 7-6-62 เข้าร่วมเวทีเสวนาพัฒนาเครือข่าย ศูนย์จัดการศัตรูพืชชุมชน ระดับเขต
::::::::::
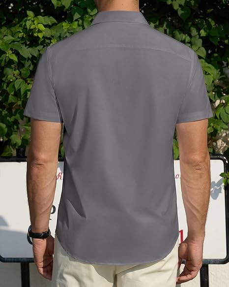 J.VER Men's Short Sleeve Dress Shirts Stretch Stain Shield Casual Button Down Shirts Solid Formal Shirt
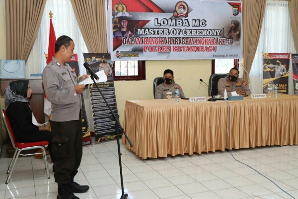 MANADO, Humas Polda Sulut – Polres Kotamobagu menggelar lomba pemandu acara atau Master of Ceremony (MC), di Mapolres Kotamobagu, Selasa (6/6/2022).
::::::::::
**TASK TO COMPLETE:**
Starting with the line that contains "J.VER Men's Short" and finishing with the line that contains "MANADO, Humas Polda", reproduce every line of the material above exactly, but not the pictures.

**REPLY:**
 J.VER Men's Short Sleeve Dress Shirts Stretch Stain Shield Casual Button Down Shirts Solid Formal Shirt
 MANADO, Humas Polda Sulut – Polres Kotamobagu menggelar lomba pemandu acara atau Master of Ceremony (MC), di Mapolres Kotamobagu, Selasa (6/6/2022).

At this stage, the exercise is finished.